I don't like the drugs, but

With ADHD, the adventure chooses you!

I don't like the drugs, but
Photo by Jess Zoerb / Unsplash

In your most distant memories, you remember colouring in.

You remember being good at it, and being praised for being good.

But when you slip and colour outside the lines, you howl and hide like a beaten dog, and no-one can tell you why.


You learn to read, although "learn" is probably putting it too strongly. Reading happens to you the same way as breathing.

Reading is the best thing that is or ever will be. You can no longer hear the clamour of the confusing world, or feel the tension that seems to surge from your bones, that makes you sit bolt upright, vibrating, sensitive to the slightest touch or sound.

Reading makes it quiet. In books, things make sense. The world goes away.


The tics start when you're about eight. They are annoyingly literal, like the ticking of a clock; a sound you make in your throat over and over and can't stop.

They change form. Soon you are 11, and everything you say must be said again, like an echo. You do this sotto voce, lest people think you're weird.

The other kids do hear it sometimes. They thought you were weird already, and this doesn't help.

When you're older, you'll look this up on a whim, and find out it is called palilalia.

At the time, you thought it was merely demons.


You start finding it very hard to do things.

You are bright, everyone you talk to says so, and you've been moved up a year and are taking extra subjects in school.

But on certain tasks – mainly maths, but others too – genuine attempts to work fly dead into a towering, blank wall of mental impossibility.

Because you are so bright (everyone says so) it is assumed that this is a phase.

If so, it is a long one.


It continues until your late thirties, and then? It carries on, only worse.

Your childhood saviour, reading, has become a monster. Unfortunately, society has thought to gift you an infinitely long and perpetually interesting book. You wake up each day full of ideas, and a portion of the ability required to achieve at least some of your ambitions, only to have all this potential energy subsumed by reading bullshit on the internet. Every day. Every day!
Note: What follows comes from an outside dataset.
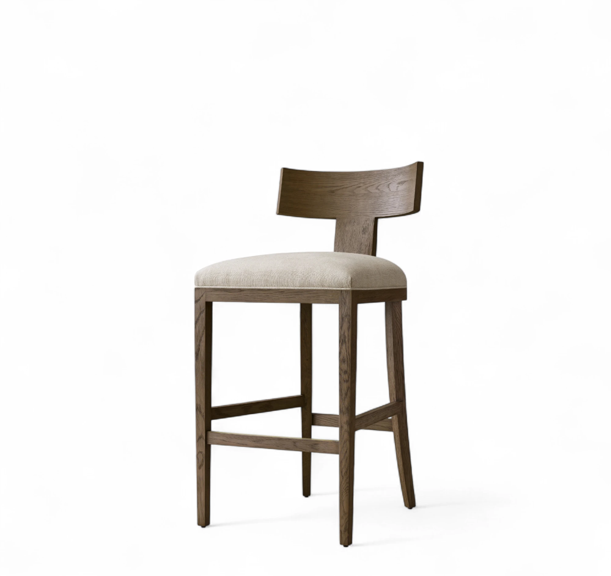 French Contemporary T-Back Fabric Bar & Counter Stool

It feels like one of those ironic curses, the kind bestowed by a malevolent genie, where the wish is thwarted even as it's granted.

Each missed opportunity, every failure, every slight imperfection compounds, compresses the shame you feel down into a savage knot of guilt that builds, layer on layer, like a pearl made of pure shit. It sits in your gut, causes nausea, sends you running blindly from even the implication of obligation.

It's not just hard to do the things you need to do; it's all but impossible to do the things you want to do.

Can you talk about this, lighten the burden? You can not. If anyone knew how useless you really were, how flighty, how distracted, how lazy, you'd never work again.

Complicating this obvious fact is the competing reality that you have had a number of jobs that people seemed to think you were good enough at to give you money.

This dissonance does not help. Every day, you endure the static screech of an endless primal scream, black noise, the cosmic background radiation of your brain.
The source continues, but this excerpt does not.